▶ [TASK DIRECTIONS]: Quote exactly, and only, the lines from the one containing "Na scenie zaprezentował" through the end of the material below. Skip pictures.

▶ [GIVEN DATA]:

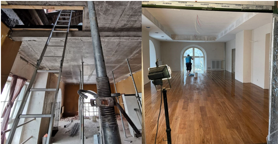
Kabel enne ja praegu

Kevadel alanud tornitööd on edenenud tõesti suurepäraselt. Peauksest tornialusesse ossa sisse astudes on pilt mõne kuu tagusest väga erinev: põrandad ja saali ossa jääv rõdu on valatud, ruume eraldavad seinad, mitte kujutlusvõime, veetud on kütte, vesi, elektri- ja nõrkvoolukaablid, seinad on krohvitud, suures osas värvitudki, enamus siseuksi paigaldatud jne.
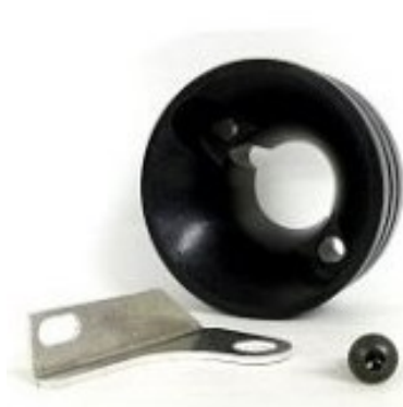
Adaptador para filtro de aire

20.2. Adaptador Filtro de Aire: Hay dos tipos de adaptores para el filtro. Uno de anodizado brillante con dos randuras en el area exterior y y el otro anodizado mate con cuatro randuras en el exterior.
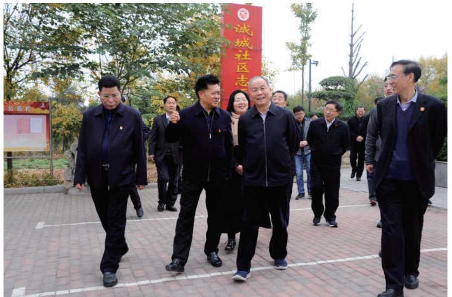
2018年11月9日，中国法学会会长王乐泉在河南省郑州市主持召开五省法学会专题座谈会，强调充分发挥职能作用，为民营经济发展提供法治保障。中国法学会党组成员、副会长、学术委员会主任张文显，中国法学会党组成员、副会长王其江，河南省委副书记、政法委书记喻红秋，河南省法学会会长刘满仓出席会议。会后在河南省辉县裴寨社区辉县法学会法律服务点进行调研。
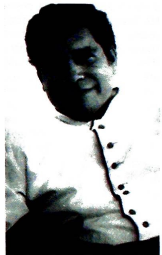
Carlos Belo er den første katolske biskop som har fått Nobels fredspris. 100.000 mennesker hyllet ham da han kom tilbake til Dili, Øst-Timors hovedstad, etter prisutdelingen i Oslo.

Derfor: Den Nobelpris som gis til en katolsk biskop, er ikke en hyllest til en enkeltperson, men en takk til og oppmuntring for den katolske kirke for dens engasjement opp gjennom århundrene til forsvar for og fremme av men-
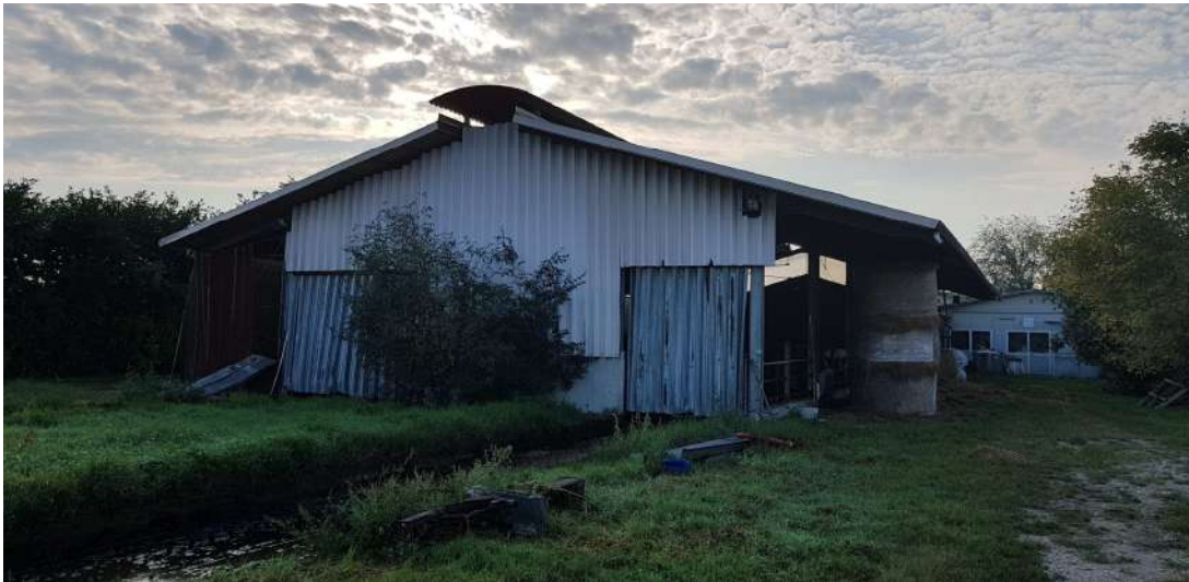
Fabbricato D - stalla lato nord
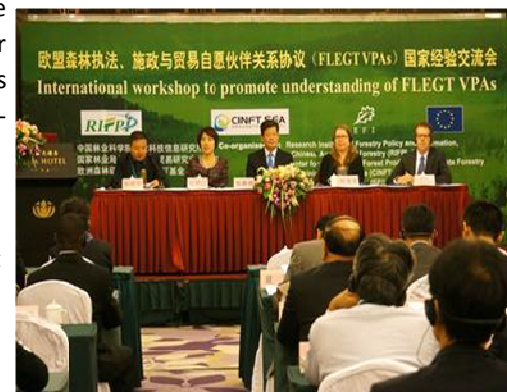
Atelier international sur les APV-FLEGT, Beijing 29-30 Oct. 2013

En 2014, la Chine prévoit la continuation de ces efforts, notamment à travers la mise à jour dudit guide, pour proposer une version aboutie au cours du second semestre 2014.
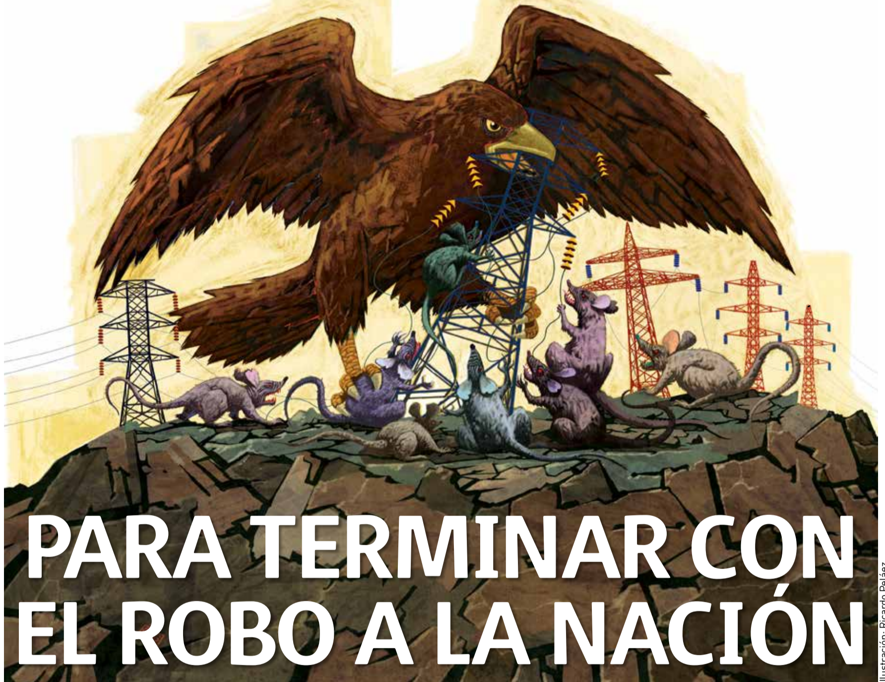
Ilustración: Ricardo Peláez
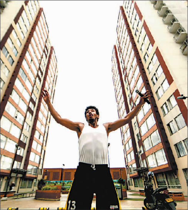
哥伦比亚:在小区里做操

中国与世界各国并肩抗疫,用实际行动诠释人类命运共同体理念。正如世卫组织总干事谭德塞日前所说,未来几天、几周以及几个月将“考验我们的决心,我们对科学的信赖和我们的团结互助精神”,应对疫情的要点是同舟共济。(执笔记者:冯玉婧;参与记者:沈忠浩 刘曲 彭立军 程婷婷 陈霖 袁梦晨 夏鹏 王瑛 徐烨 徐永春) (据新华社北京4月8日电)
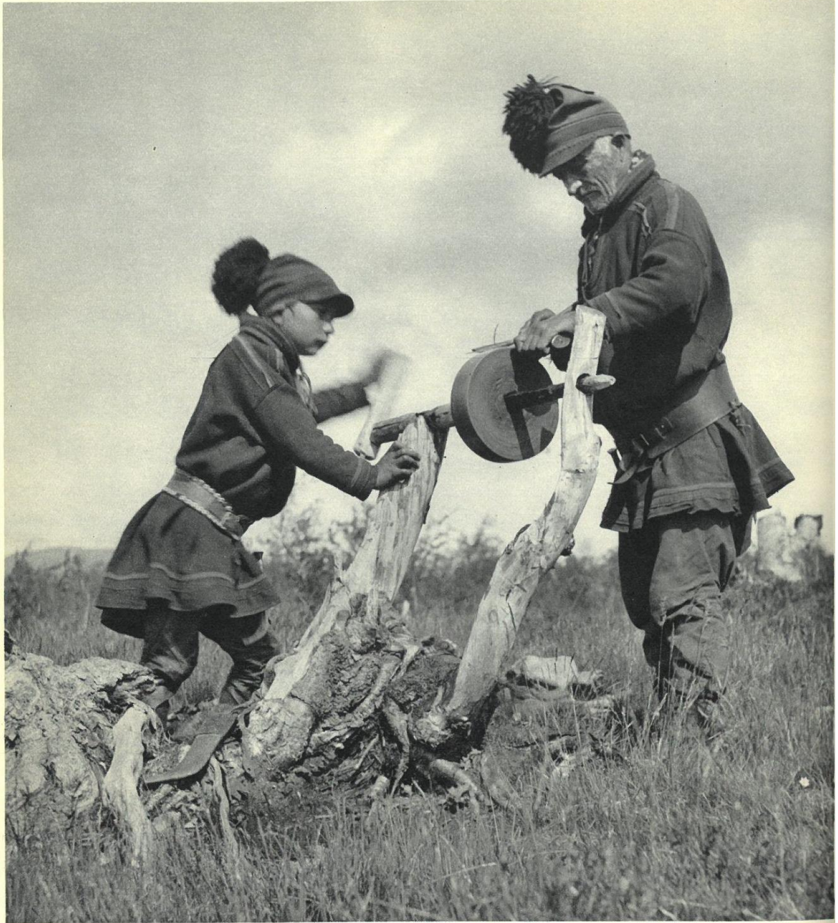
72 The knife must be kept sharp.
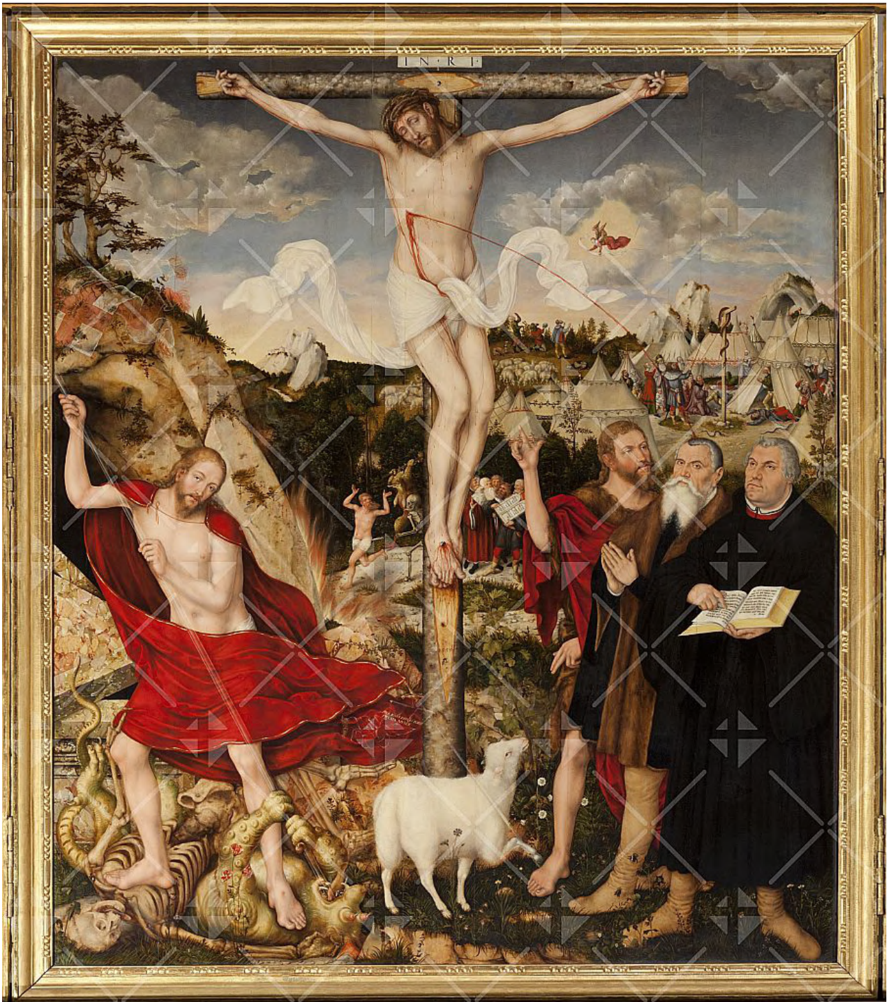
Cranach-Altar in der Stadtkirche St. Peter und Paul (Herderkirche) Weimar (es folgen nur Ausschnitte aus diesem Bild)

Beginnen wir mit den beiden Personen, die zeitlich überhaupt nicht in das Geschehen der Kreuzigung und Auferstehung Jesu hineinpassen: Lucas Cranach und Martin Luther. Hat der Maler sich selbst verewigen wollen, aus Eitelkeit? Hat er Martin Luther als evangelischem Helden ein Denkmal setzen wollen? Beides nicht mit bewuss-
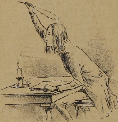
Comenzó á escribir...
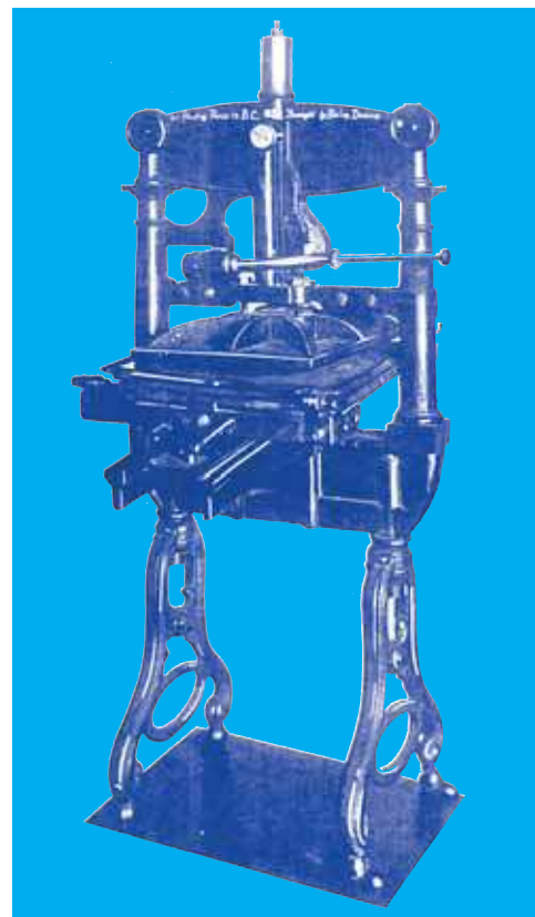
La première presse d'imprimerie en C-B. Cette presse fut apportée de France. Elle fut utilisée pour imprimer le journal Le Courrier de la Nouvelle-Calédonie .

Pendant ces années de croissance, plusieurs organisations furent également fondées à Victoria, Port Alberni, Duncan, New Westminster, etc. C'était des organisations sociales, récréatives, religieuses et théâtrales.
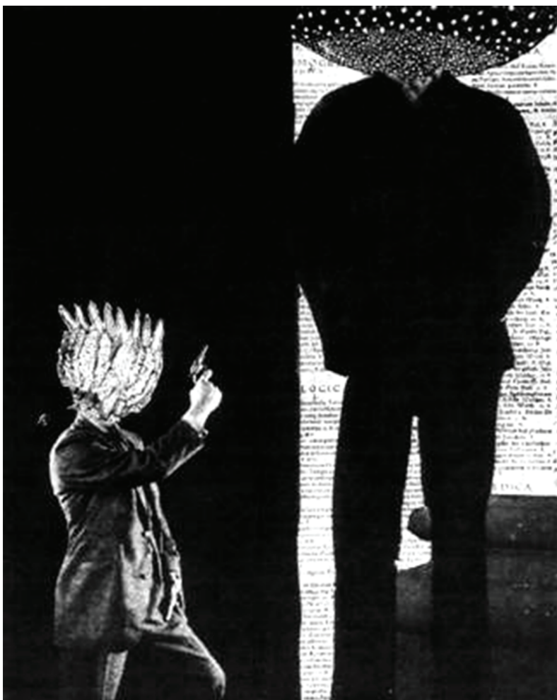
Мутан лов у бистрој води

Време излагања на Научном скупу ограничено је на 15 минута.
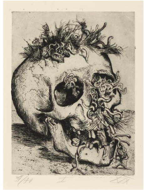
Resim 6. Otto Dix, Skull (Kafatası) Akuatinta-Gravür, 1924
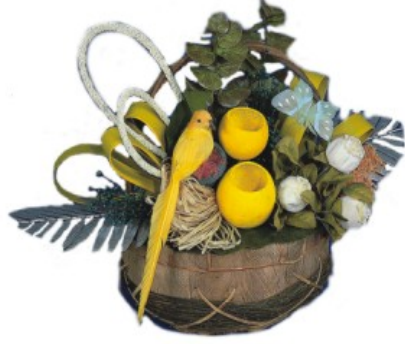
Resim 21: Değişik fon malzemelerinin kullanılışı
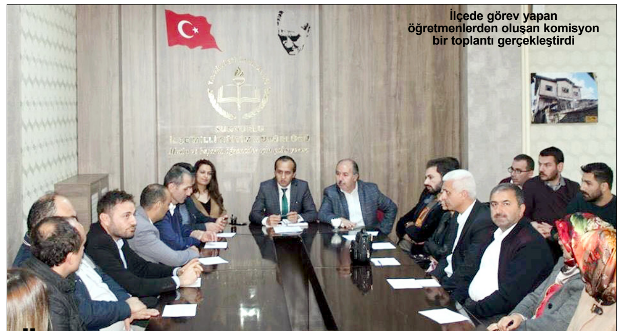
İlçede görev yapan öğretmenlerden oluşan komisyon bir toplantı gerçekleştirdi

16 bin 703 metrekarelik bir alana yapılan Kentpark için belediye ekipleri çalışmalarını sürdürüyor
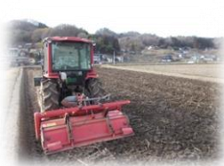
折衷苗代の耕うん
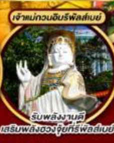
รับพลังงานดี เสริมพลังดวงใจทรัพย์สินสมัย
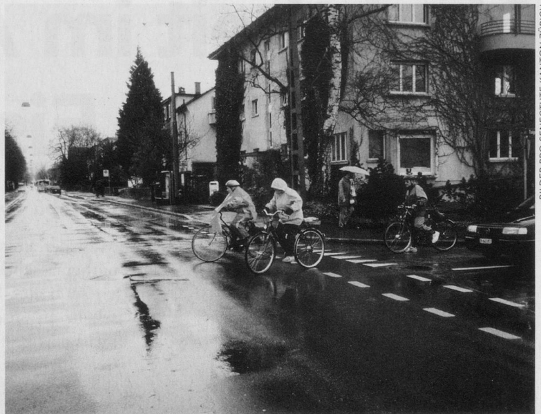
BILDER PRO SENECTUTE KANTON ZÜRICH

Sicherheit – dieses Ziel haben sich die Leiterinnen und Leiter der Pro Senectute-Velogruppen in Dietikon, Uster und Winterthur gesetzt und die Velosaison 2000 mit einem Velofahrkurs gestartet. Unter kompetenter Leitung von Fachpersonen aus der Polizei und der IG Velo Schweiz informierten sich an den drei Kursorten je 15 bis 20 Velofahrerinnen und Velofahrer über das sichere Verhalten im Verkehr. Nach einer theoretischen Einführung folgte eine intensive Fahrpraxis am Kursort. Viele Teilnehmende konnten dabei feststellen, dass in jüngster Zeit Verkehrsregeln und Routenführung für Velofahrerinnen und Velofahrer
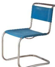
12 Mart Stam / Anton Lorenz, ST 12, 1929 © Vitra Design Museum, Foto: Jürgen HANS, www.objektfotograf.ch
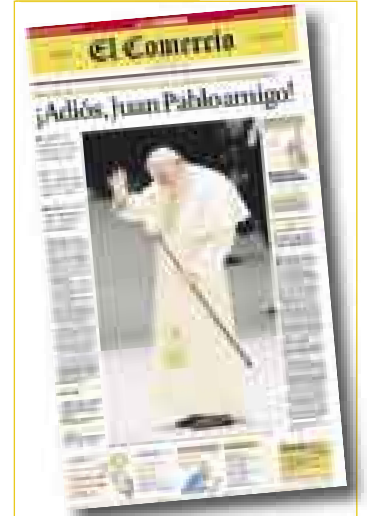
MUERE JUAN PABLO II Domingo 3 de abril (*)
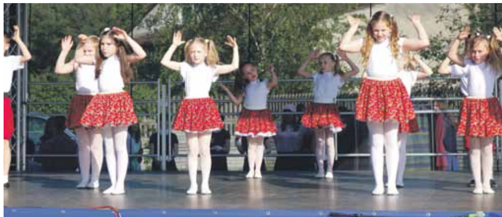
Na scenie zaprezentował się m.in. zespół „Pyza”
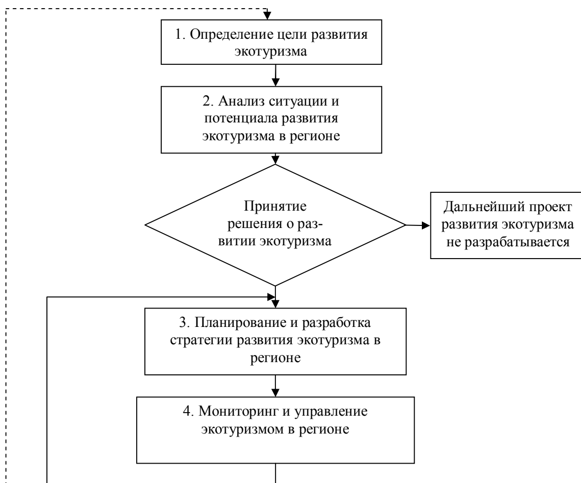
Рис. 3. Основные этапы формирования стратегии развития экологического туризма в регионе

мониторинга и контроля экологического и социального воздействия туристской деятельности, а также управления ими (их модификация и совершенствование в случае необходимости).
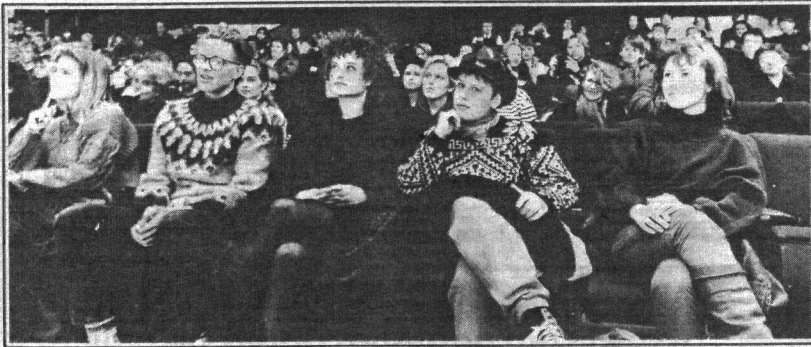
Reykviskir nemendur fylgjast með skemmtun Turéll-hjónanna í gær.
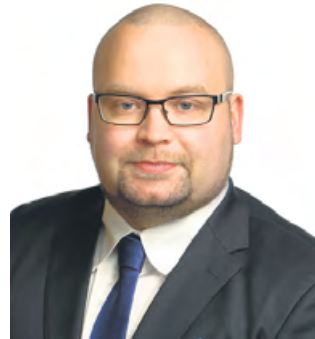
Perussuomalaisen Pirkanmaan piiri

- Kiitän nöyrimmin luottamuksesta ja tulen tekemään kaikkeni, että perussuomalaiset Pirkanmaalla tulevat menemään yhtenä rintamana kohti tulevia vaalivoittoja, tuore puheenjohtaja kiittää.
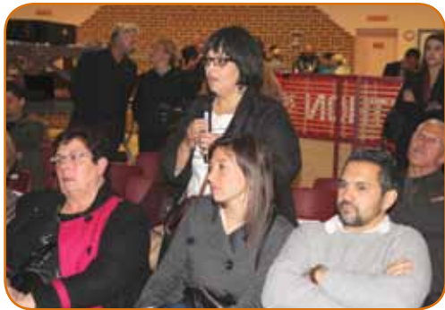
Visiblement bouleversée, le cœur serré, une dame dira toute sa reconnaissance et son admiration pour ce long métrage

▶ [ANSWER FOR THIS EXERCISE]:
Na scenie zaprezentował się m.in. zespół „Pyza”
Рис. 3. Основные этапы формирования стратегии развития экологического туризма в регионе

мониторинга и контроля экологического и социального воздействия туристской деятельности, а также управления ими (их модификация и совершенствование в случае необходимости).
Reykviskir nemendur fylgjast með skemmtun Turéll-hjónanna í gær.
Perussuomalaisen Pirkanmaan piiri

- Kiitän nöyrimmin luottamuksesta ja tulen tekemään kaikkeni, että perussuomalaiset Pirkanmaalla tulevat menemään yhtenä rintamana kohti tulevia vaalivoittoja, tuore puheenjohtaja kiittää.
Visiblement bouleversée, le cœur serré, une dame dira toute sa reconnaissance et son admiration pour ce long métrage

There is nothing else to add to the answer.